Swapping partitions WAS: Please help new hard drive install
Knapp
magick.crow at gmail.com
Thu Dec 18 08:03:26 UTC 2008
On Thu, Dec 18, 2008 at 8:08 AM, Leonard Chatagnier
<lenc5570 at sbcglobal.net>wrote:
>
> --- On Thu, 12/18/08, Knapp <magick.crow at gmail.com> wrote:
>
> > From: Knapp <magick.crow at gmail.com>
> > Subject: Swapping partitions WAS: Please help new hard drive install
> > To: "Ubuntu user technical support, not for general discussions" <
> ubuntu-users at lists.ubuntu.com>
> > Date: Thursday, December 18, 2008, 12:09 AM
> > OK, I am a bit lost.
> > I have 2 copies of my partitions one on drive sda (old one)
> > and one on sdb
> > the new one. I want to change my root partition to be the
> > one on the new
> > drive but both must be labeled / right? Also there is no
> > uuid for the new
> > partition, as best as I can tell because it is not mounted,
> > so how do I get
> > the id? I could use a label / but then how would it know
> > which one to use?
> > Anyway, as I said, I am lost!
> > Thanks for all the help so far.
> >
> > sba7 is the old one
> >
> > sdb6 is the new one, if that helps any.
> >
> > Thanks all!
> >
> Hello Doug,
>
> I don't know or if others know just what you're getting at.

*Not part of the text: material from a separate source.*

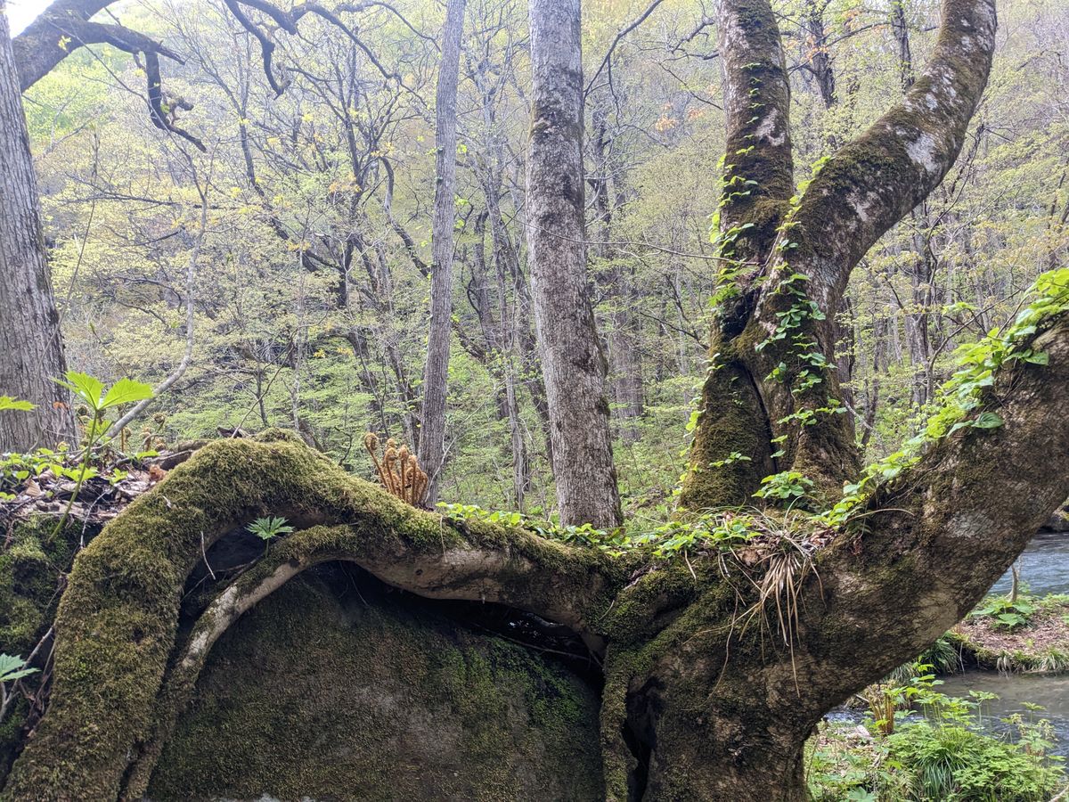 奥入瀬渓流ネイチャーツアーでは素晴らしいガイドさんに出会うことができました。渓谷内に生息する草木や野鳥の説明を詳しく教えてくれるとともに、昨年の豪雨被害で倒れた巨木が橋のように清流にかかり、小動物たちの通り道になっていることを教えてくれました。

> Let me see if I can get you started so someone more expert
> than I may help. You have 2 drives on the machine and you
> want your root / on the second drive. Do you have an OS
> installed on the 2nd drive or at least a file system? You
> can't just go assigning a "/" directory on a partition
> that I know of; installing an operating system such as
> using and alternate or live CD will do it and perhaps if
> you partition the sdb drive and assign a file system, ext3,
> there may be a way to give it a "/" directory, but I don't
> know; just a thought. if it could be done, you'd probably
> have to copy your / dir from sda1 to sdb1 and tell your
> OS where to look for the new /. So, why don't you tell the list just
> why you want to do this, exactly what you did to partition
> and setup the sdb drive and anything else related you might
> think of. It's certainly simpler to have the OS on one drive.
> Leonard Chatagnier
> lenc5570 at sbcglobal.net
>
Thanks for the reply, sorry if that was not clear.
I have 2 drives that are copies of each other. They both have a fully
working linux on them. The full system is running off of sda and I want to
make fstab now use sdb but just for the root partition. Perhaps looking at
the first part of the thread would help.